We agree with these authorities and hold that unless a significant right is involved, including inequitable assessment of costs, an appellate court should not reverse and remand a case for a new trial if only nominal damages could result.
In such a situation, the defendant would be required to spend time and money in litigation having no purpose other than to judicially establish that he or she had committed a breach of contract with no economic consequences. It is difficult to differentiate that circumstance from a penalty based on a breach of contract. We have, however, recognized that because “the sole purpose of contract damages is to compensate the nonbreaching party for losses suffered as a result of a breach, ‘[p]unitive damages are not recoverable for a breach of contract unless the conduct constituting the breach is also a tort for which punitive damages are recoverable.’ 3 Restatement of the Law 2d, Contracts (1981) 154, Section 355. ‘Punishment of a promisor for having broken his promise has no justification on either economic or other grounds and a term providing such a penalty is unenforceable on grounds of public policy. Id. at 157, Section 356, Comment a.’ ” Lake Ridge Academy v. Carney (1993), 66 Ohio St.3d 376, 381, 613 N.E.2d 183, 187.
In accordance with these established legal concepts, we hold that summary judgment may be granted to the defendant in a breach-of-contract case where the plaintiff has failed to provide evidence of economic damages resulting from a breach of contract and has failed to seek injunctive relief or specific performance of a contractual duty, but instead rests his or her right to proceed to trial solely on a claim for nominal damages. That is the status of the case at bar.
In his deposition, DeCastro affirmatively acknowledged that he had suffered no out-of-pocket expenses or otherwise lost any money in any way as the result of
This is not a case where nominal damages are warranted because a plaintiff pleaded economic damages resulting from a breach of contract but failed to prove them at trial. Rather, this is a case where the plaintiff acknowledged at the outset that no economic damage occurred. DeCastro’s prayer for relief did not demand injunctive relief or specific performance but specifically requested an award of compensatory damages. We find no error in the entry of summary judgment in favor of the defendants under these facts.
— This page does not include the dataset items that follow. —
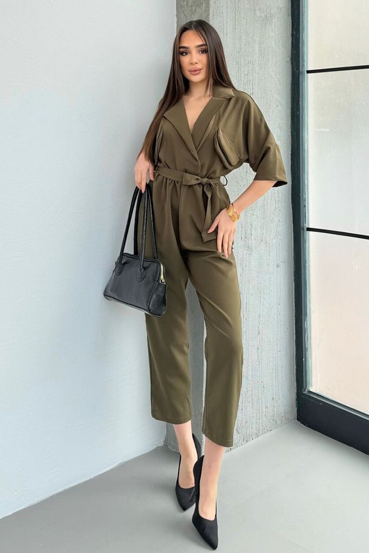 - Моделът е с тренди дизайн, елегантна яка, каки цвят, странични джобове, къси ръкави и колан от същата материя.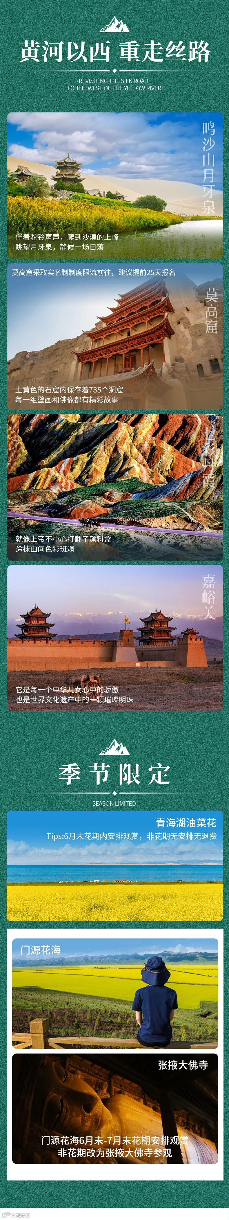 3、如非门源花期则改为上午前往张掖大佛寺参观游览,取消门源花海行程。
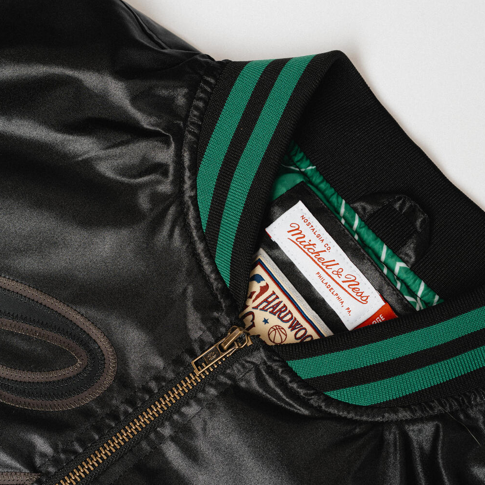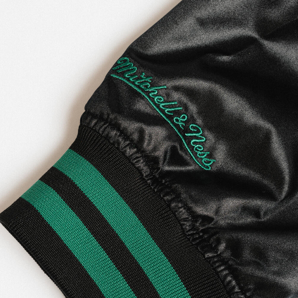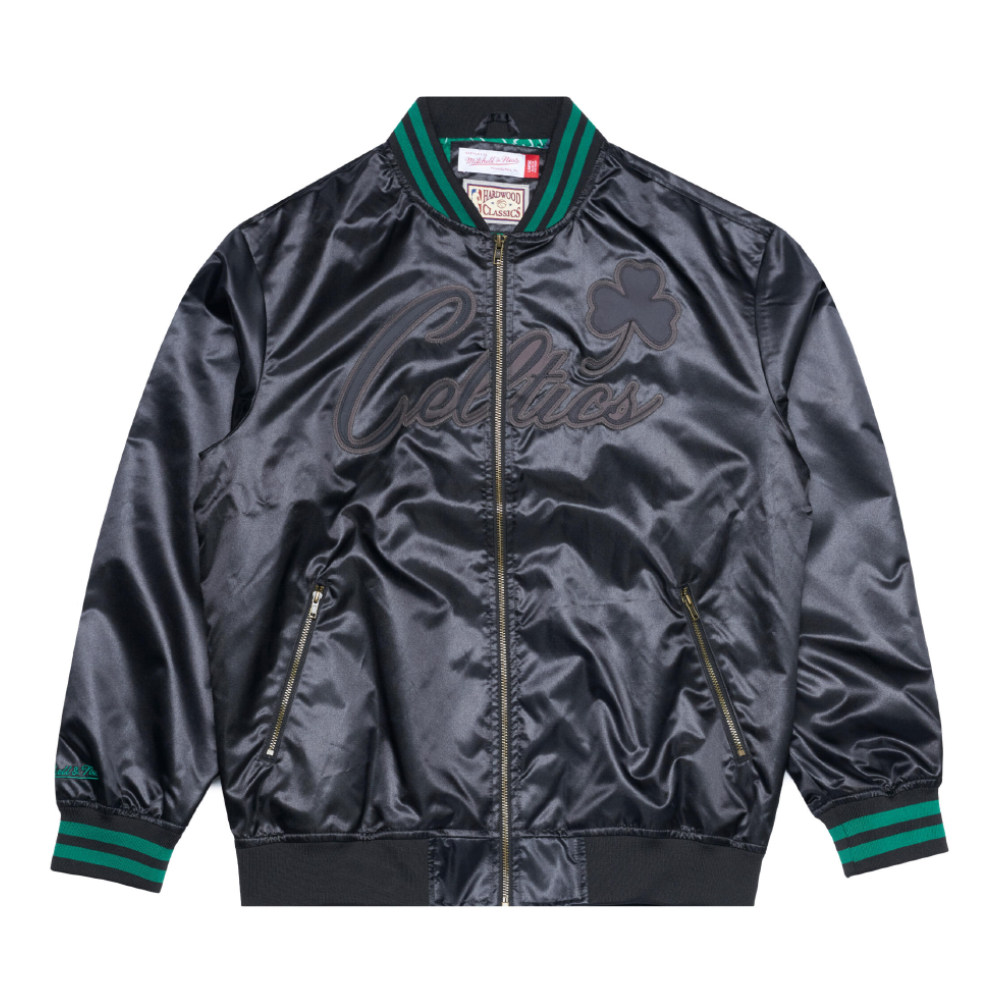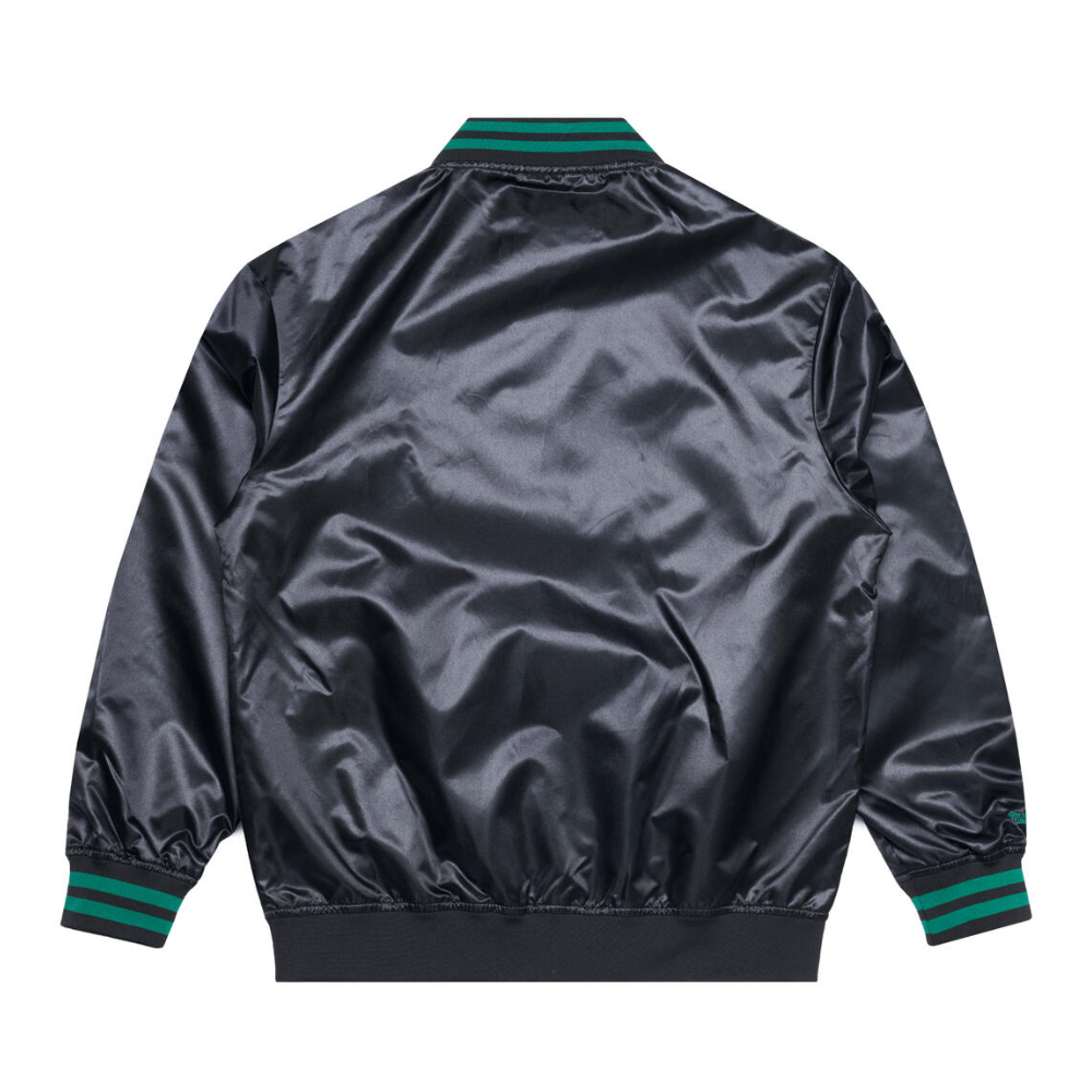 Step into vintage basketball heritage with a modern luxury twist. The Mitchell & Ness Stateside Pastel Bomber Jacket for the Boston Celtics delivers a premium satin finish in a deep charcoal tone, elevated with subtle pastel-inspired detailing.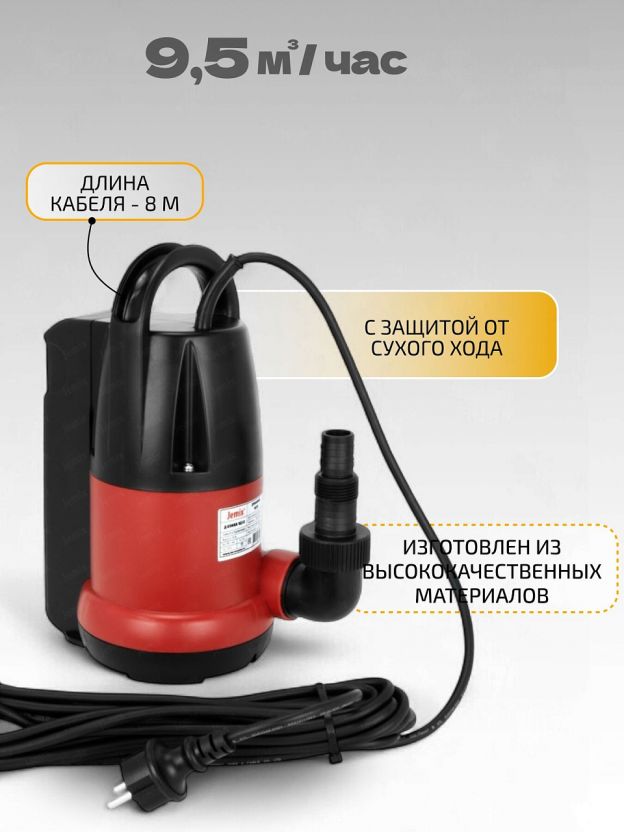 Насос дренажный, Jemix, 550 Вт, глубина погружения 5 м, максимальный напор 8 м, 9.5 м3/ч, Д-КОМБИ-158-8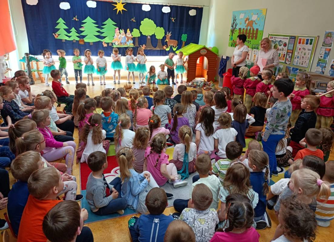 Najmłodsze przedszkolaki z grupy „Krasnoludki” aktywnie włączyły się do realizacji zadań zawartych w projekcie edukacyjnym. Zaprezentowały one wszystkim grupom przedszkolnym piosenki: o tematyce ekologicznej „ Duszki leśne” oraz wiosennej „Maszeruje wiosna”. Spotkanie to było okazją dla wszystkich przedszkolaków,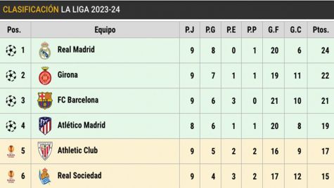 El Girona, por su parte, se mantiene firme en la clasificación con 22 unidades, después de haber ganado por la mínima al Cádiz (0-1). Los de Míchel siguen siendo el equipo revelación de esta temporada y quieren pelear por mantenerse en lo alto. En la cuarta plaza se ha quedado el Atlético de Madrid (19), con un partido menos, después de imponerse ante la Real Sociedad por 2-1.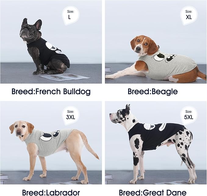- Fun & Eye-Catching Dog Tees| Printed with charming facial expressions and vibrant colors, these dog T-shirts are designed to make your pup stand out! The playful, eye-catching designs on the back ensure your furry friend is the center of attention during walks, park visits, or outdoor adventures. Not only do they keep your dog adorable and visible, but they also bring their unique personality to life. Perfect for adding a pop of fun to every outing – because your pet deserves to shine

We acknowledge that the wrongful imposition of a school suspension is not a trivial matter and that the alleged nonreprisal clause may well have been of great significance to those for whose benefit it was included in settling the labor dispute between the Wellston school district and the WTA. However, even assuming that DeCastro had established a genuine issue of fact as to whether he should be deemed a third-party beneficiary of that alleged settlement agreement and that the disciplinary actions taken against him were a form of prohibited reprisal, DeCastro is not invoking the protection of the nonreprisal clause at a time when the clause might preclude the imposition of the suspension. He could have invoked the clause as a defense in the hearings before the school principal and the school board. He could have sought a temporary restraining order or specific performance of the nonreprisal clause. He is not seeking in this action an order that the records of his suspension be purged. Cf. California Teachers Assn. v. Nielsen (1978), 87 Cal.App.3d 25, 149 Cal.Rptr. 728.
The harm DeCastro alleges to have resulted from a breach of contractual duty simply does not have an economic value sufficient to support an award of compensatory damages in a breach-of-contract case. Accordingly, in view of the specific facts before us, we find no error by the trial court in entering summary judgment against DeCastro. The judgment of the court of appeals is reversed, and summary judgment in favor of appellants is reinstated.
Judgment reversed.
Dissenting Opinion
dissenting. I dissent from the judgment of the majority. Barnesville is good law and I would retain it as is.